There can be many users of the pds_core's adminq. This includes
pds_core's uses and any clients that depend on it. When the pds_core
device goes through a reset for any reason the adminq is freed
and reconfigured. There are some gaps in the current implementation
that will cause crashes during reset if any of the previously mentioned
users of the adminq attempt to use it after it's been freed.

Issues around how resets are handled, specifically regarding the driver's
error handlers.

Some general cleanups.

v1:
https://lore.kernel.org/netdev/20240104171221.31399-1-brett.creeley@amd.com/

v2:
- Combined the RCT clean-ups with an incorrect goto label fix
- Added a couple more patches related to reset flows
- Slightly updated the cover letter to mention the extra patches that
  were added
- Changed a function used only once to be static

Brett Creeley (10):
  pds_core: Prevent health thread from running during reset/remove
  pds_core: Cancel AQ work on teardown
  pds_core: Use struct pdsc for the pdsc_adminq_isr private data
  pds_core: Prevent race issues involving the adminq
  pds_core: Clear BARs on reset
  pds_core: Don't assign interrupt index/bound_intr to notifyq
  pds_core: Unmask adminq interrupt in work thread
  pds_core: Fix up some minor issues
  pds_core: Rework teardown/setup flow to be more common
  pds_core: Clean up init/uninit flows to be more readable

 drivers/net/ethernet/amd/pds_core/adminq.c  |  74 +++++++----
 drivers/net/ethernet/amd/pds_core/core.c    | 130 ++++++++++++--------
 drivers/net/ethernet/amd/pds_core/core.h    |   3 +-
 drivers/net/ethernet/amd/pds_core/debugfs.c |  12 +-
 drivers/net/ethernet/amd/pds_core/dev.c     |  30 +++--
 drivers/net/ethernet/amd/pds_core/devlink.c |   3 +-
 drivers/net/ethernet/amd/pds_core/fw.c      |   3 +
 drivers/net/ethernet/amd/pds_core/main.c    |  26 +++-
 8 files changed, 187 insertions(+), 94 deletions(-)

-- 
2.17.1
Re: [PATCH v2 net-next 0/10] pds_core: Various improvements and AQ race condition cleanup
Posted by Jakub Kicinski 1 year, 11 months ago
On Fri, 26 Jan 2024 09:42:45 -0800 Brett Creeley wrote:
> This series includes the following changes:
> 
> There can be many users of the pds_core's adminq.
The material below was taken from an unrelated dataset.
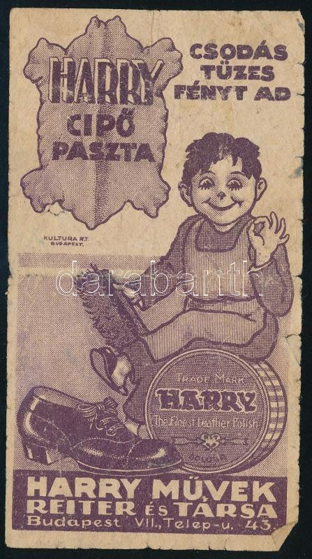 Harry cipőpaszta számolócédula, kissé sérült https://www.darabanth.com/de/473-Fernauktion/473.0/Kunst-Dokumente-andere-Sammelgebiete/Werbungen~1000001/Harry-cipopaszta-szamolocedula-kisse-serult~II3212543
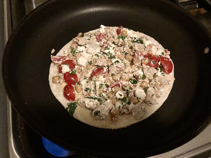 De eerste wrap gaat met een beetje olie in de pan, en hier schep ik het mengsel erop. Niet een te dikke laag, gewoon de bodem bedekken. Uiteraard leg je dit op de met hummus besmeerde kant, dan plakt het lekker. Zet het vuur laag, want als de pan straks heter wordt gaat het soms sneller dan je kan smeren en scheppen.

This includes
> pds_core's uses and any clients that depend on it. When the pds_core
> device goes through a reset for any reason the adminq is freed
> and reconfigured. There are some gaps in the current implementation
> that will cause crashes during reset if any of the previously mentioned
> users of the adminq attempt to use it after it's been freed.
> 
> Issues around how resets are handled, specifically regarding the driver's
> error handlers.

Patches 1, 2 and 4 look like fixes. Is there any reason these are
targeting net-next? If someone deploys this device at scale rare
things will happen a lot..
Re: [PATCH v2 net-next 0/10] pds_core: Various improvements and AQ race condition cleanup
Posted by Brett Creeley 1 year, 10 months ago
On 1/26/2024 8:44 PM, Jakub Kicinski wrote:
> Caution: This message originated from an External Source. Use proper caution when opening attachments, clicking links, or responding.
> 
> 
> On Fri, 26 Jan 2024 09:42:45 -0800 Brett Creeley wrote:
>> This series includes the following changes:
>>
>> There can be many users of the pds_core's adminq. This includes
>> pds_core's uses and any clients that depend on it. When the pds_core
>> device goes through a reset for any reason the adminq is freed
>> and reconfigured. There are some gaps in the current implementation
>> that will cause crashes during reset if any of the previously mentioned
>> users of the adminq attempt to use it after it's been freed.
>>
>> Issues around how resets are handled, specifically regarding the driver's
>> error handlers.
> 
> Patches 1, 2 and 4 look like fixes. Is there any reason these are
> targeting net-next? If someone deploys this device at scale rare
> things will happen a lot..

No reason, just an oversight on my part. I actually think patches 1, 2, 
3, 4, 5, and 9 could all go to net. Unfortunately some of these patches 
are intertwined (i.e. patch 10 depends on patch 9).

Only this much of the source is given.